Marriage, Money, and Divorce in Medieval Islamic Society PDF Print E-mail

Yossef Rapoport, Cambridge: Cambridge University Press, 2005. 137 pages.

Through a very meticulous reading in numerous Arabic sources, Yossef Rapoport, author of Marriage, Money, and Divorce in Medieval Islamic Society, challenges the commonplace assumption that women in medieval Arabic society were subordinated to male domination. Drawing from the rich Arabic literature written during the Mamluk period (1250-1517), he not only skillfully depicts marital life in Cairo, Damascus, and Jerusalem, but also reveals novel facts that might undermine common stereotypes of women in medieval Islamic society. For example, not only was there a high rate (about 30 percent) of divorce in these three Mamluk urban societies, but women were also single-handedly capable of providing for themselves and their children. Elite women were economically independent, thanks to the generous dowries they received upon marriage, while lower-class women worked for their living, particularly in the textile industry. True, “repudiation” (talaq) was a unilateral privilege reserved for the husband only; however, there were many cases of consensual separation (khul`).

 

The women in this book do not appear as passive and submissive at all. Quite the contrary, some put a price on various aspects of their relationships with their husbands, including a “bed-fee” (haqq al-firashah), while others appeared before the court to complain about their husbands’ misbehavior. More often than not, the court sided with them by ordering the husbands to be flogged or thrown into jail. All of these facts, carefully supported by dozens of textual proofs and cautiously analyzed and contextualized, enable the reader to catch a glimpse of the intimate lives of medieval Muslim families, a glimpse that is free of prejudice and self-righteousness.
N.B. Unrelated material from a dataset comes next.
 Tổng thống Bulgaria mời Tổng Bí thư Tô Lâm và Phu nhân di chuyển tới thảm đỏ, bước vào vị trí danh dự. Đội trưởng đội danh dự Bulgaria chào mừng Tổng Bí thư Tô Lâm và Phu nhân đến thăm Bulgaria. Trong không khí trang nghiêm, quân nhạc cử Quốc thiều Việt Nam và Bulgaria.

The author provides a very useful survey of Mamluk-period authors (pp. 8-11), with a special focus on the fifteenth-century Cairene historian Muhammad ibn `Abd al-Rahman al-Sakhawi (d. 1497), whose centennial biographical dictionary contains over 1,000 entries for contemporary women (pp. 82-88). Rapoport also bases his research on legal sources (manuals and fatawa, responsa) and documents from the only extant Mamluk-period court archive: the fourteenth-century archive from the Haram al-Sharif in Jerusalem.
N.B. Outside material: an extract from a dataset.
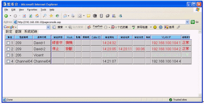 監(jiān)看臺:系統(tǒng)登入后的主畫面,可以監(jiān)控各路電話的當(dāng)前使用情況(包括來電號碼、去電號碼、振鈐次數(shù)、錄音開始時間、錄音結(jié)束時間、線路狀況等信息)。并可以實(shí)現(xiàn)對任意通話的網(wǎng)絡(luò)實(shí)時監(jiān)聽。

The book comprises five chapters. Chapter 1 deals with the importance of dowries in all echelons of Mamluk society, but especially in the upper class. Although Islamic law does not obligate the bride’s natal family to provide her with a dowry, it is evident that dowries were a common practice. Far more substantial than the “marriage gift” (sadaq) a groom is obliged to give his bride according to Islamic law, dowries were perceived as a premortem inheritance given to the daughter and remained her exclusive property throughout her marriage. Women were also engaged in such financial activities as loaning money. A striking example of female financial enterprise appears in a case brought to a Cairene jurist in which women of means established a communal fund that lent money to each of its members in turn (p. 25).